### YOUR INSTRUCTIONS
Repeat the entries below exactly, pictures excluded.

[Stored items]
————————

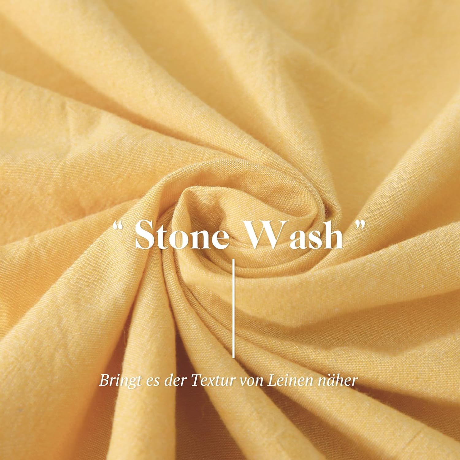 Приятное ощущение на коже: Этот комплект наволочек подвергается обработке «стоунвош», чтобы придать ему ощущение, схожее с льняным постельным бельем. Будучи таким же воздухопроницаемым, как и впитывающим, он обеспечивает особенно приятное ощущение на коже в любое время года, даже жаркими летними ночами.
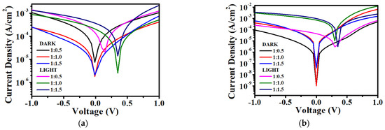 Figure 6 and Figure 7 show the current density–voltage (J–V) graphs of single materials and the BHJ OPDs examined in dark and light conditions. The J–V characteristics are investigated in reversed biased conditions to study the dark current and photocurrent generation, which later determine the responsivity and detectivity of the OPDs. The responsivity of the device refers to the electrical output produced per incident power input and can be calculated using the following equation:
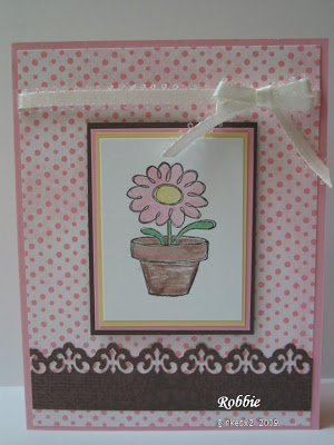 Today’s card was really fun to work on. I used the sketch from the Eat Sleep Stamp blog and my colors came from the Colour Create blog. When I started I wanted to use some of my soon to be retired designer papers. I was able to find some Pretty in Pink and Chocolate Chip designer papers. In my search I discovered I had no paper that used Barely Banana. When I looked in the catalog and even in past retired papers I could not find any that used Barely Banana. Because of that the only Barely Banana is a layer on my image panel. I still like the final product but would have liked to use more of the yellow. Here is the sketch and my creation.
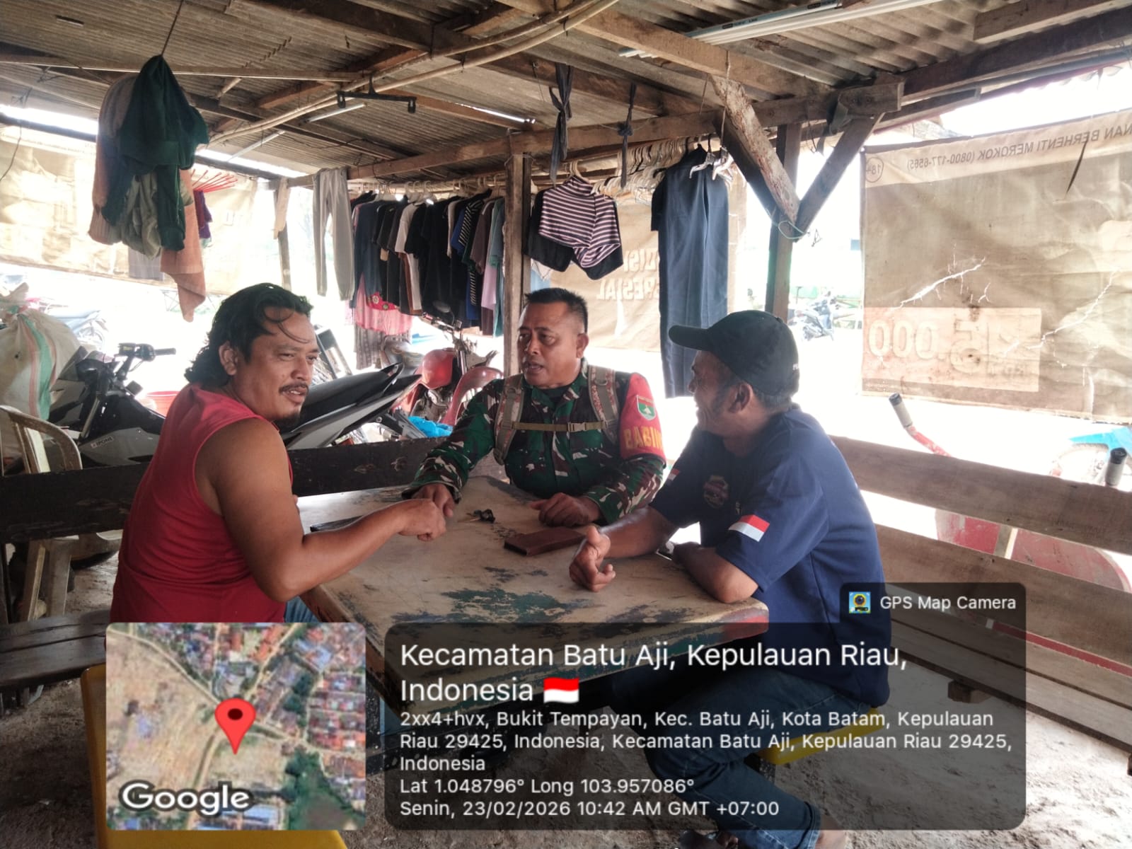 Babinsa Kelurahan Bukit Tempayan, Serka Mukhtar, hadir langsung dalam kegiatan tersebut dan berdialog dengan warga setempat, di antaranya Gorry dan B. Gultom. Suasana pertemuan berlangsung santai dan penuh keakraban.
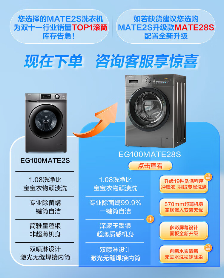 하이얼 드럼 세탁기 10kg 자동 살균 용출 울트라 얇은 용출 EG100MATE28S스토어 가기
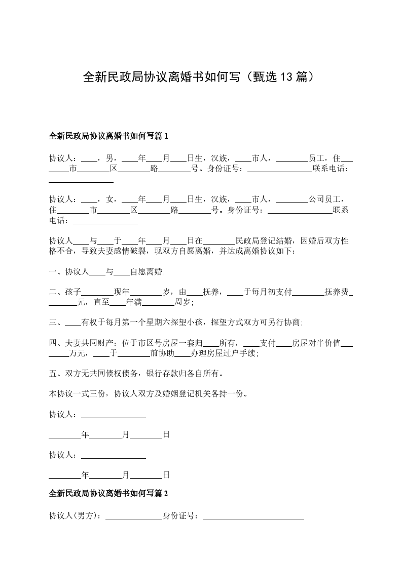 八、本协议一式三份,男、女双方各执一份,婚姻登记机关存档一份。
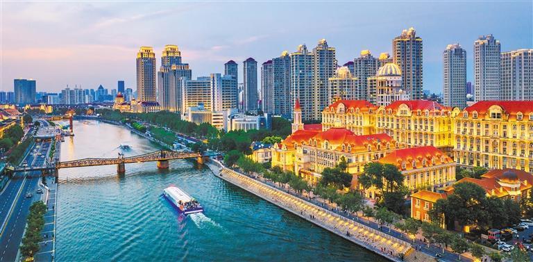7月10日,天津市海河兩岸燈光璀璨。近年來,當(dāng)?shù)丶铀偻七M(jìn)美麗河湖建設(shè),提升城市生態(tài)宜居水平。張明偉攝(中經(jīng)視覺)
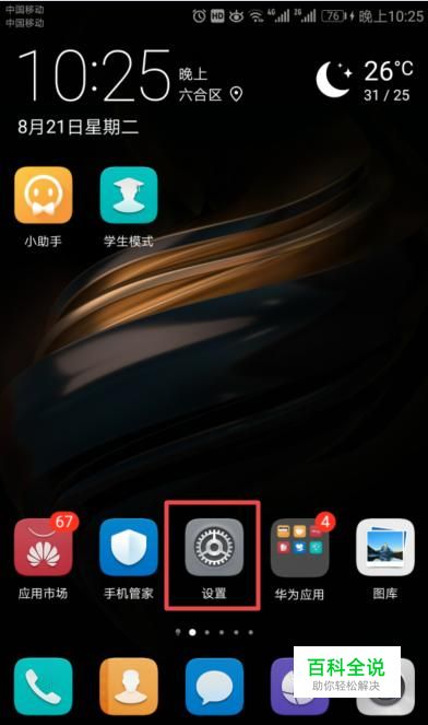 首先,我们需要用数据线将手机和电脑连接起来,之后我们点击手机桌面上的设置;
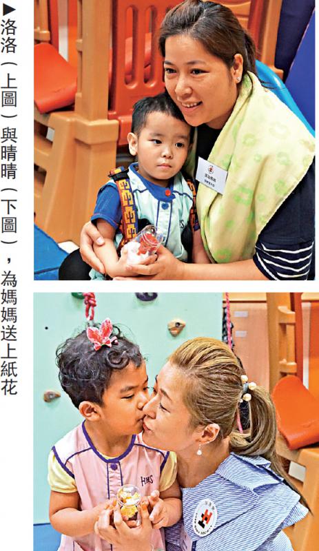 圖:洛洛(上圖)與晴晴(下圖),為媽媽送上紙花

————————

### RESPONSE AREA
 Приятное ощущение на коже: Этот комплект наволочек подвергается обработке «стоунвош», чтобы придать ему ощущение, схожее с льняным постельным бельем. Будучи таким же воздухопроницаемым, как и впитывающим, он обеспечивает особенно приятное ощущение на коже в любое время года, даже жаркими летними ночами.
 Figure 6 and Figure 7 show the current density–voltage (J–V) graphs of single materials and the BHJ OPDs examined in dark and light conditions. The J–V characteristics are investigated in reversed biased conditions to study the dark current and photocurrent generation, which later determine the responsivity and detectivity of the OPDs. The responsivity of the device refers to the electrical output produced per incident power input and can be calculated using the following equation:
 Today’s card was really fun to work on. I used the sketch from the Eat Sleep Stamp blog and my colors came from the Colour Create blog. When I started I wanted to use some of my soon to be retired designer papers. I was able to find some Pretty in Pink and Chocolate Chip designer papers. In my search I discovered I had no paper that used Barely Banana. When I looked in the catalog and even in past retired papers I could not find any that used Barely Banana. Because of that the only Barely Banana is a layer on my image panel. I still like the final product but would have liked to use more of the yellow. Here is the sketch and my creation.
 Babinsa Kelurahan Bukit Tempayan, Serka Mukhtar, hadir langsung dalam kegiatan tersebut dan berdialog dengan warga setempat, di antaranya Gorry dan B. Gultom. Suasana pertemuan berlangsung santai dan penuh keakraban.
 하이얼 드럼 세탁기 10kg 자동 살균 용출 울트라 얇은 용출 EG100MATE28S스토어 가기
 八、本协议一式三份,男、女双方各执一份,婚姻登记机关存档一份。
7月10日,天津市海河兩岸燈光璀璨。近年來,當(dāng)?shù)丶铀偻七M(jìn)美麗河湖建設(shè),提升城市生態(tài)宜居水平。張明偉攝(中經(jīng)視覺)
 首先,我们需要用数据线将手机和电脑连接起来,之后我们点击手机桌面上的设置;
 圖:洛洛(上圖)與晴晴(下圖),為媽媽送上紙花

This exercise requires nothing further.